Clean Energy Fuels Corp. announced recently it has started up regular operations at its liquefied natural gas (LNG) plant at Boron, CA, the largest LNG production plant in the Southwest producing vehicle grade fuel and the first large-scale plant in California. At the same time the company is seeing its compressed natural gas (CNG) business expand in the far Southwest.

Built to manufacture up to 160,000 gallons per day of LNG using pipeline natural gas, the Boron plant is designed to expand production to 240,000 gallons per day as demand increases. The facility includes a 1.8 million-gallon LNG storage tank to provide reserves for unanticipated demand.

The plant currently is running at about one third of its capacity or about 53,000 gallons/d. With one MMBtu of natural gas needed to manufacture 12.1 gallons of LNG, that would put its current gas usage rate at about 4,400 MMBtu/d, slated to ramp up to capacity of 160,000 gallons/d (13,200 MMBtu/d of gas) over the next three to four years, a company official said.

The plant is located in the Mojave Desert approximately 125 miles from the ports of Los Angeles and Long Beach and is connected to Kern River Pipeline. Over 500,000 gallons of LNG have been produced during its start-up phase and initial deliveries have been made to Clean Energy’s new LNG port truck fueling station in Carson, CA. The Clean Truck Program at the ports anticipates replacing over 8,000 old diesel trucks with new trucks that are proven to be cleaner than diesel, such as LNG trucks, within five years. These trucks are anticipated to be a major consumer of the LNG fuel produced at the California LNG Plant, according to Clean Energy.

“We have built the new LNG production facility to respond to the critical need in Southern California and the Southwest for cleaner, more efficient fuel for port trucks and regional trucking,” said Andrew J. Littlefair, president of Clean Energy.

“Already new, cleaner LNG trucks are rolling at the ports and throughout Southern California, lowering emissions pollution and providing cheaper fuel from domestic sources for trucking fleets,” noted Littlefair. “We also have begun construction on our second regional LNG truck fueling station, which is scheduled for completion in March 2009.”

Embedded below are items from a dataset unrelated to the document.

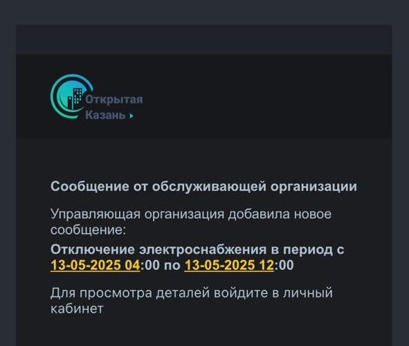 Жителям этих населенных пунктов пришло сообщение с информацией о том, что электричество будет отключено с 4:00 до 12:00 13 мая.
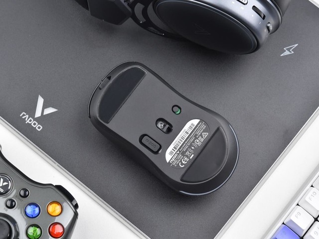 鼠标底盖采用一块平整的ABS材料,并设置了接收器收纳槽、传感器以及电源开关。底盖上下部分各配备一块大面积特氟龙脚贴,可让操作更加跟手。
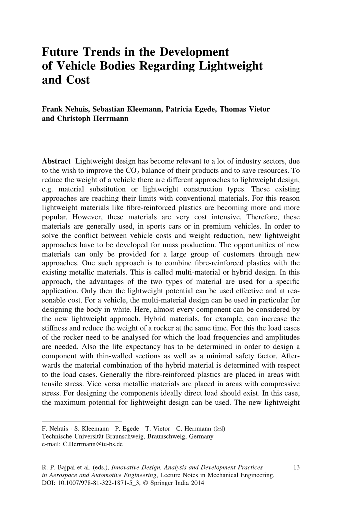 2. Nehuis F, Saacute;nchez Ruelas J, Stechert C, Vietor T (2013) Robust conception of vehicles considering region-specific requirements. In: Proceedings of the 19th international conference on engineering design (ICEDrsquo;13), Seoul
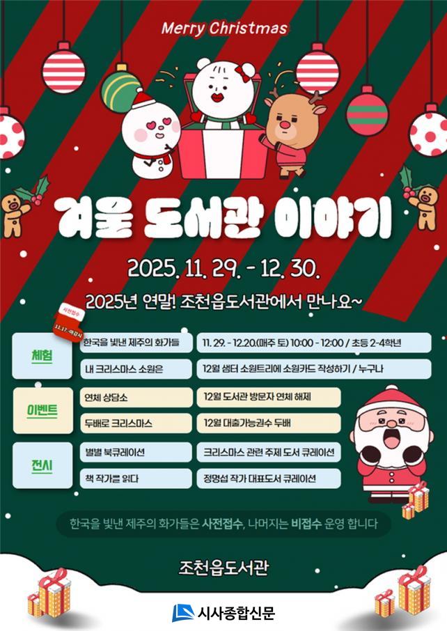 ¶ÇÇÑ, 12¿ù¿¡ ¾î¿ï¸®´Â ÁÖÁ¦ÀÎ Å©¸®½º¸¶½º, °Ü¿ï °£½Ä µî Å׸¶º° ºÏÅ¥·¹À̼ǰú ÇÔ²² Çѱ¹Ã߸®¹®Çдë»ó ¼ö»ó ÀÛ°¡ÀÎ Á¤¸í¼· ÀÛ°¡ÀÇ ´ëÇ¥ µµ¼ Àü½Ã¸¦ ÅëÇØ ½Ã¹ÎÀÇ µ¶¼ Àúº¯ È®´ë¿¡µµ Èû¾µ ¿¹Á¤ÀÌ´Ù.
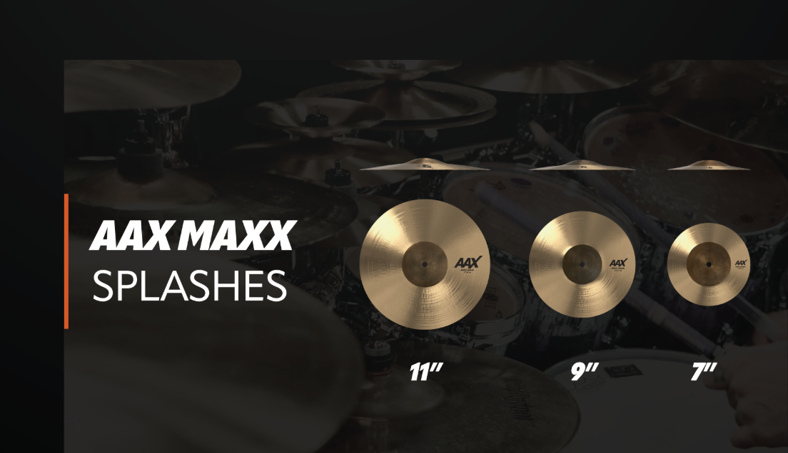Mike’s new cymbals start with a redesign of the original AAX MAX Splashes. The new 7, 9, 11″ AAX MAXX Splashes have a larger-raw bell and new shape that makes them slightly stiffer than the originals, making for more volume and projection without a strong fundamental pitch.

Clean Energy also fuels CNG vehicles, and is seeing that business also grow as municipal transit agencies in the West expand their CNG-fueled vehicle fleets. The public transit agencies in San Diego, Las Vegas and Phoenix have undertaken major expansions of their CNG-powered bus fleets, which are expected to lead to an increase of 2.5 million gallons per year of fuel.

Clean Energy currently contracts for CNG fueling services with the San Diego Metropolitan Transit System, the Phoenix Regional Public Transportation Authority and the Regional Transportation Commission of Southern Nevada. The agencies are replacing older diesel buses with new CNG models.

San Diego was scheduled to deploy 26 new 60-foot articulated CNG buses as well as 50 new 40-foot CNG buses by the end of November, bringing the agency’s total CNG fleet to well over 400 buses. Clean Energy operates and maintains three fuel stations for the system. When the new buses are fully deployed, total annual CNG fuel consumption is expected to top 6.5 million gallons.

The transportation authority in Phoenix is adding 51 new CNG buses to its current contingent, bringing the total to 132 CNG buses. This fleet is now projected to use more than 900,000 gallons of fuel annually.

The Nevada transit system serving Las Vegas contracts with Clean Energy to operate and maintain two fueling stations that currently serve more than 50 CNG buses and paratransit vehicles. A total of 45 new CNG buses are on order for delivery in early 2009. When fully deployed, the fleet of 95 CNG buses will consume up to 1.5 million gallons annually.